Cornelia de Lange Syndrome (CdLS) is a rare genetic disorder characterized by developmental and physical abnormalities. It affects an estimated 1 in 10,000 to 30,000 live births, making it a relatively uncommon condition. CdLS is caused by mutations in specific genes, which play a crucial role in early development. The syndrome is associated with distinctive facial features, growth delays, intellectual disabilities, and various organ system abnormalities. Although CdLS can vary in severity, early diagnosis and intervention can greatly improve the quality of life for individuals affected by this syndrome.
Cornelia de Lange Syndrome (CdLS) is a rare genetic disorder that affects multiple organ systems and causes developmental delays. The prevalence of CdLS is estimated to be around 1 in 10,000 to 30,000 live births, making it a relatively rare condition.
Although CdLS can affect individuals of any gender or ethnic background, it appears to be slightly more common in males than females. The syndrome is typically diagnosed in infancy or early childhood based on the presence of characteristic physical features and developmental delays.

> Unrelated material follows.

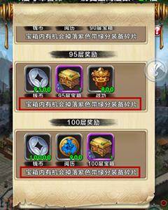 攻下每层必得无双币奖励,特殊层则会有钱币、凝魂散、阅历、战功等各类奖励,特殊层的宝箱更可开出各种装备碎片哟~

While the exact cause of CdLS is not fully understood, it is believed to be primarily caused by mutations in certain genes that play a role in early development. These genetic mutations can occur spontaneously or be inherited from an affected parent.
Individuals with CdLS may experience a wide range of symptoms, including distinctive facial features, growth delays, intellectual disabilities, limb abnormalities, and gastrointestinal issues. The severity of symptoms can vary significantly between individuals, even among affected family members.
Due to its rarity, CdLS often requires specialized medical care and support services. Early intervention and ongoing management can help individuals with CdLS reach their full potential and improve their quality of life.